Township in Pennsylvania, US

Burlington Township is a township in Bradford County, Pennsylvania, United States. It is part of Northeastern Pennsylvania. The population was 677 at the 2020 census. Children residing in the township are assigned to attend the Troy Area School District.

==Geography==
Burlington Township is located in central Bradford County and is bordered by Smithfield Township to the north, Ulster Township to the northeast, North Towanda and Towanda townships to the east, Monroe Township touching the southeastern corner, Franklin Township to the south and West Burlington Township to the west. The borough of Burlington is bordered on the north, east, and south by Burlington Township and by West Burlington Township to the west.

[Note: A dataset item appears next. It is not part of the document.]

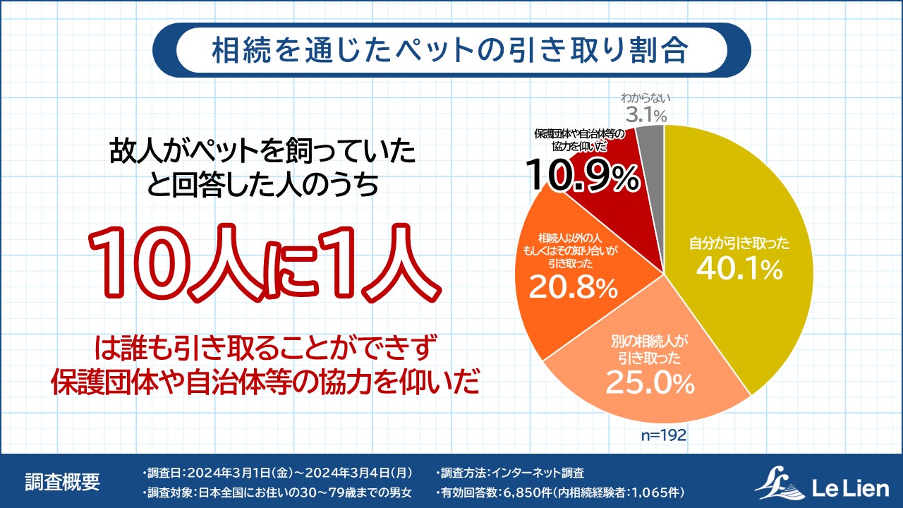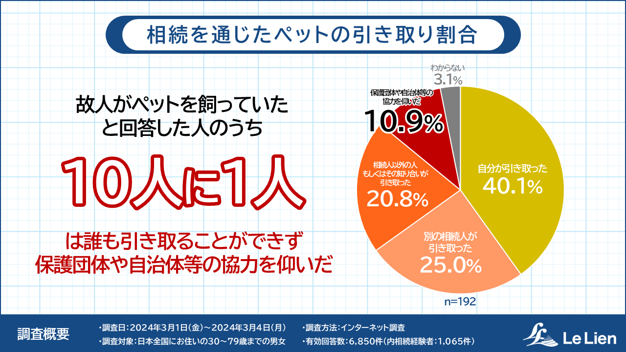 親の死による相続の経験者1,065人のうち、「故人がペットを飼っていた」と回答した192人中10.9%の人が「誰も引き取ることができず保護団体や自治体等の協力を仰いだ」と回答しました。85%以上の人は自分もしくは誰かが引き取ったと回答していますが、約10人に1人は、誰も引き取ることができない状況だったことがわかりました。

U.S. Route 6 passes through the center of the township, following the valley of Sugar Creek, a tributary of the Susquehanna River. US 6 leads east to Towanda and west through Burlington borough to Troy.

According to the United States Census Bureau, the township has a total area of 65.5 km2, of which 64.9 km2 is land and 0.6 km2, or 0.84%, is water.

==Demographics==

As of the census of 2000, there were 799 people, 297 households, and 226 families residing in the township. The population density was 31.8 PD/sqmi. There were 385 housing units at an average density of 15.3/sq mi (5.9/km^{2}). The racial makeup of the township was 98.75% White, 0.13% African American, 0.13% Native American, 0.13% Asian, and 0.88% from two or more races. Hispanic or Latino of any race were 0.38% of the population.

There were 297 households, out of which 32.0% had children under the age of 18 living with them, 63.0% were married couples living together, 8.8% had a female householder with no husband present, and 23.9% were non-families. 19.5% of all households were made up of individuals, and 8.4% had someone living alone who was 65 years of age or older. The average household size was 2.69 and the average family size was 3.09.

In the township the population was spread out, with 26.3% under the age of 18, 6.8% from 18 to 24, 25.8% from 25 to 44, 28.7% from 45 to 64, and 12.5% who were 65 years of age or older. The median age was 39 years. For every 100 females, there were 104.3 males. For every 100 females age 18 and over, there were 99.0 males.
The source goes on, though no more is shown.